1. Frontend
  2. Next.js Frontend Reference

Your project can also have backend APIs (using API Routes) which are covered in our API route reference.

Installation

$ npm install --save @propelauth/react

Set up AuthProvider

AuthProvider is the provider of a React context that manages the current user’s access token and metadata. You cannot use the other hooks without it. AuthProvider is the component that manages authentication information and all other components fetches from it.

It is recommended to put the AuthProvider component at the top level of your application, so it never unmounts.
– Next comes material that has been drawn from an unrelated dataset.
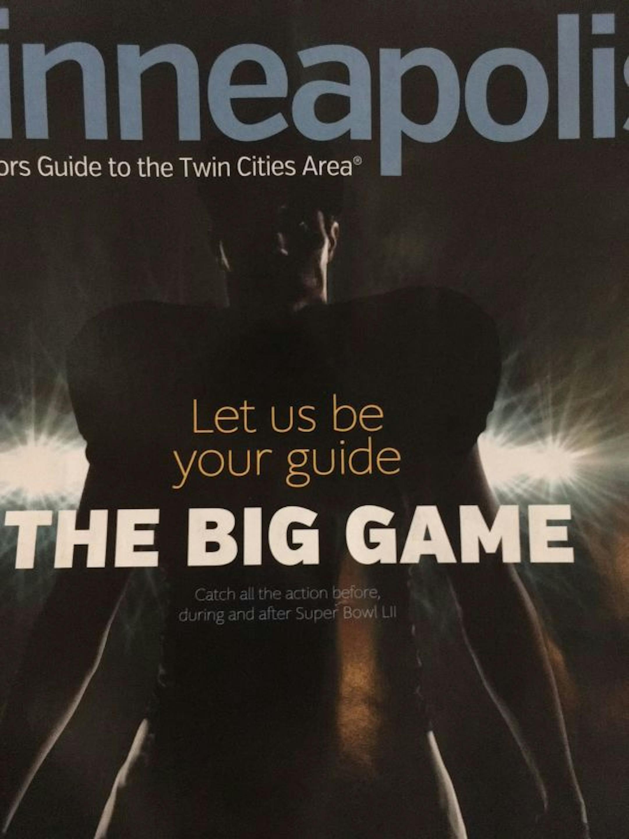 The 2018 "Minneapolis Official Visitors Guide to the Twin Cities Area" features a silhouetted football player on the cover and 32 pages promoting Minnesota brands and tourist-friendly activities.
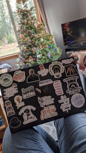 My new laptop! Complete with so many stickers that I just bought, lol!

You should place it in pages/_app.jsx or pages/_app.tsx:

import { AuthProvider } from "@propelauth/react";

const MyApp = ({ Component, pageProps }) => {
  return (
    <AuthProvider authUrl={process.env.NEXT_PUBLIC_AUTH_URL}>
      <Component {...pageProps} />
    </AuthProvider>
  );
};

export default MyApp;

RequiredAuthProvider

If your entire application requires a user to be logged in, you can instead use RequiredAuthProvider.

import { RequiredAuthProvider, RedirectToLogin } from "@propelauth/react";

const MyApp = ({ Component, pageProps }) => {
  return (
    <RequiredAuthProvider
        authUrl={process.env.NEXT_PUBLIC_AUTH_URL}
        displayWhileLoading={<Loading />}
        displayIfLoggedOut={<RedirectToLogin />}
    >
      <Component {...pageProps} />
    </RequiredAuthProvider>
  );
};

export default MyApp;

RequiredAuthProvider has two additional props:

  1. displayWhileLoading: A React element to display while the AuthProvider is fetching auth information. Defaults to an empty element
  2. displayIfLoggedOut: A React element to display if the current user is logged out. Defaults to RedirectToLogin

Get current user information

There are three options for getting the current user’s information.

withAuthInfo

withAuthInfo wraps a component and automatically adds auth information to the props of the component.

withAuthInfo(Component, {
    // A React element to display while the AuthProvider is fetching auth information. Defaults to an empty element
    displayWhileLoading: <div>Loading...</div>,
});

The following props are injected to the underlying component:

PropDescription
accessTokenIf user is logged in, this string can be passed in and validated by your backend. Otherwise, null.
isLoggedInReturns user logged in status
orgHelperA class with useful functions for managing organizations
accessHelperA class with useful functions for accessing role and permissions (RBAC)
userIf user is logged in, this contains metadata about them. Otherwise, null

withRequiredAuthInfo

This is identical to withAuthInfo, except Component is only rendered if the user is logged in. You are guaranteed that isLoggedIn is true and the accessToken is not null.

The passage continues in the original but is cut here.